La proposta cadde nel vuoto: non mancò qualche segno di ironia o di sgarberia clericale (…omissis…).
20 settembre: è una data patetica nella storia d’Italia. Il momento più alto del Risorgimento, ma quasi vissuto in punta di piedi, con impacciata discrezione, con un diffuso senso di timore. "Il giorno più grande del secolo decimonono" : aveva detto un famoso storico tedesco, ma che la classe dirigente italiana farà il possibile per dimenticare o scolorire, quasi atterrita dal compito storico che la Provvidenza le aveva assegnato. (…omissis…).
Solo il fascismo, sprezzante di tutte le pregiudiziali risorgimentali, indifferente alle radici profonde dello Stato liberale e unitario, poteva cancellare con un tratto di penna quell’esile filo che collegava le vecchie e le nuove generazioni, il 20 settembre "giorno festivo per gli effetti civili". Porta Pia fu riassorbita nella Conciliazione: l’11 febbraio diventò la sola festa, la festa nazionale celebrante il trionfo della "ragion di Stato" fascista e vaticana, il suggello dei Patti lateranensi.

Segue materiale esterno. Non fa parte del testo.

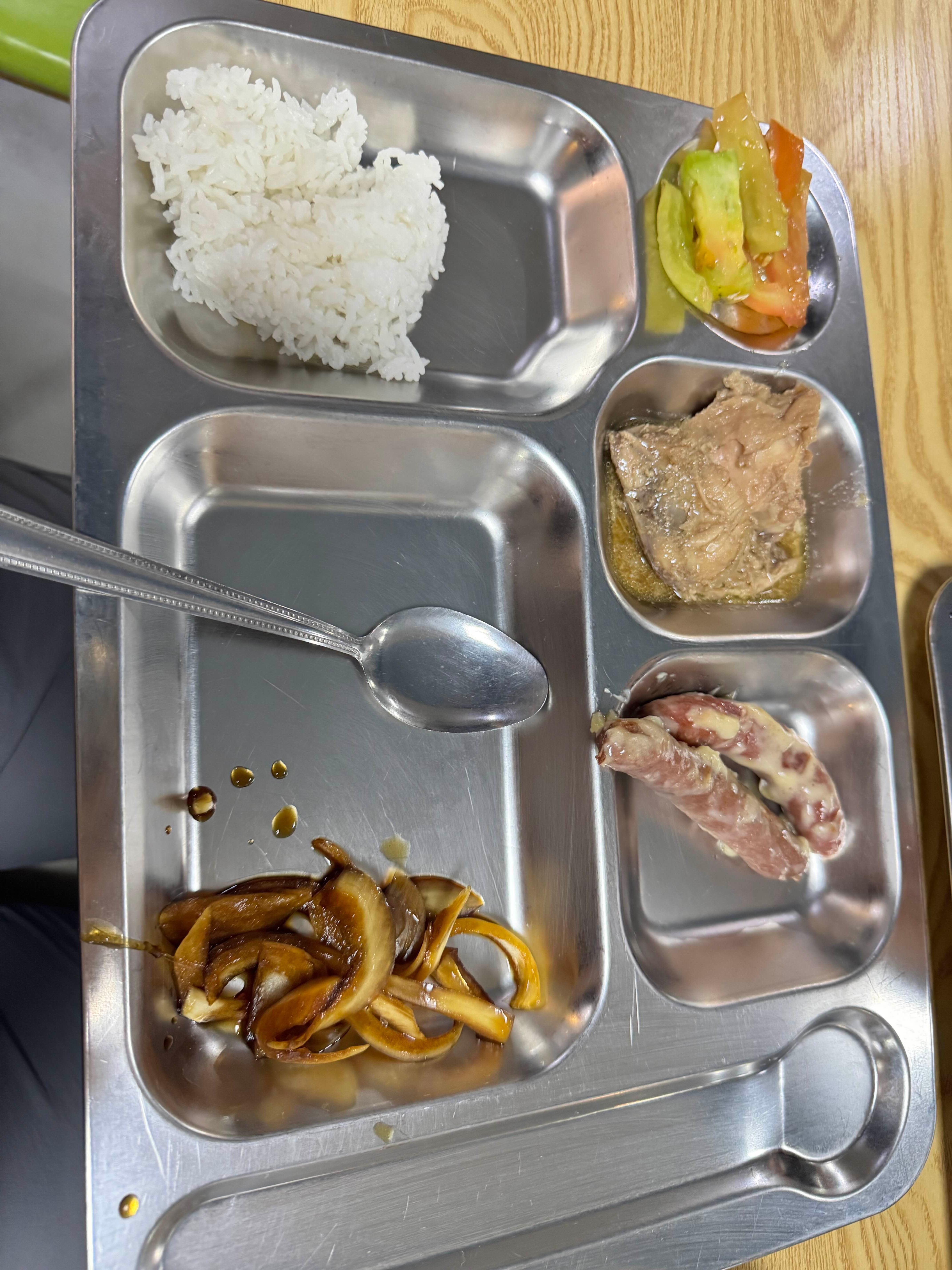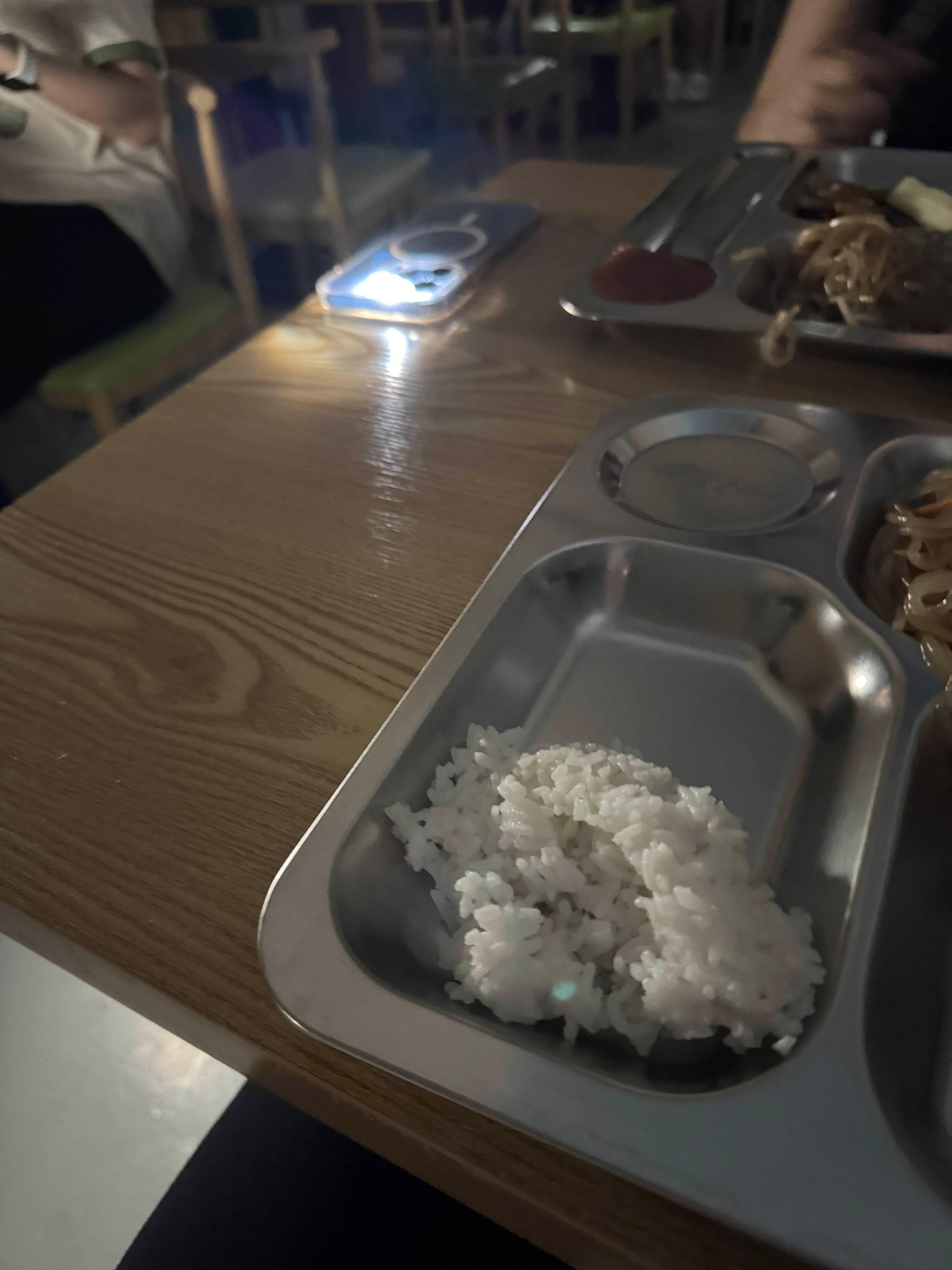 저녁식사 시간까지 전기가 복구되지 않았어요. 전해듣길 낮에 잠깐 이 지역 전체 정전이 되었다가 금방 복구됐는데, 우리 학원으로 들어오는 전력에만 문제가 생겼다고 했던 것 같아요... 그래도 밥은 먹어야되니까 후레쉬 키고 먹었어요 😟

Quel giorno, già controverso e tormentato per la generazione dei nostri padri, perse quasi ogni significato per la generazione nata all’indomani della prima guerra mondiale. Il quadro di Cammarano tendeva a scomparire dai libri di testo, dove aveva pur dominato fino agli anni trenta; i riferimenti alla questione romana diventavano sempre più scarni o retorici, scarni per il passato, retorici per il ritorno all’incontro fra la Croce e l’Aquila sanzionato dalle guerre di Etiopia e di Spagna. Capire, in quel periodo, per uno studente ginnasiale, cosa fosse stata la legge delle Guarentigie, era estremamente difficile, per non dire impossibile. Il 20 settembre si dissolveva nell’ironia che avvolgeva l’"Italietta", la piccola Italia del trasformismo liberale e post-risorgimentale, incapace di marciare col ritmo guerriero del passo dell’oca. E i grandi problemi ideali del riscatto nazionale sopravvivevano solo in chi, pur in mezzo alle negazioni ufficiali, tentava di ritrovare il filo del nostro dramma unitario in certi scrittori pur accettati dal regime, in chi, da Oriani, sapeva magari risalire a Gobetti.